Thus, the whole genome-based population genomic analyses helped to reveal the presence of 15 spatio-temporal lineages and examine the role of adaptive evolution and intra-serotype recombination in shaping this structure. It should be noted that genome-based trees were also compared with tree obtained using envelope-gene sequences for the 990 entries. Envelope gene is a commonly used phylogenetic marker for genotyping of DENV-2 and a total of six genotypes of DENV-2 have been documented (Chen & Vasilakis, 2011; Twiddy et al., 2002). Our study aims to examine the diversifying lineages, if any, within six known genotypes. Our studies revealed that DENV-2 genotypes undergo further diversification and there are fifteen distinct lineages. It is noted that the four genotypes are genetically heterogeneous (Asian/American: 7 lineages; Asian I: 2 lineages; Cosmopolitan: 2 lineages and sylvatic: 2 lineages) whereas two genotypes (American and Asian II) are genetically homogeneous and do not show any lineage diversity.

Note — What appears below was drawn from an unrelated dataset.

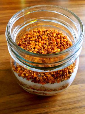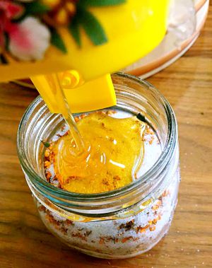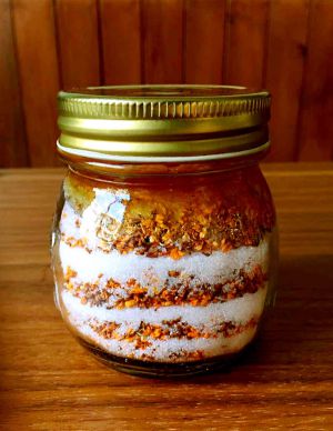 一层桂花一层细纱糖铺在玻璃罐子里。

Though, the genome as well as envelope gene-based trees supported the presence of 15 lineages (as shown in Fig. 1), the relative order of clustering was found to vary. The genome-based phylogenetic trees generated using all the three methods (NJ, ML and MP) provided the same relative order of clustering of dengue genotypes such as S-AM-C-AI-AII-AA and indicate that the American genotype was earlier to diverge. On the other hand, the envelope gene-based tree (File S11: Fig. S3) generated using all three methods supported the S-AI/AII-AM-C-AA order. The discrepancy in the relative order of genotypes has been reported earlier based on phylogeny of envelope gene, where either American (AM) or Asian (AI/AII) genotype was found to be the first diversifying urban DENV-2 genotype (Chen & Vasilakis, 2011; Twiddy et al., 2002). Therefore, the comprehensive genome-based phylogenetic analysis helped to resolve the early evolutionary history of DENV-2 population where American genotype was found to diverge earlier than that of other urban genotypes of DENV-2.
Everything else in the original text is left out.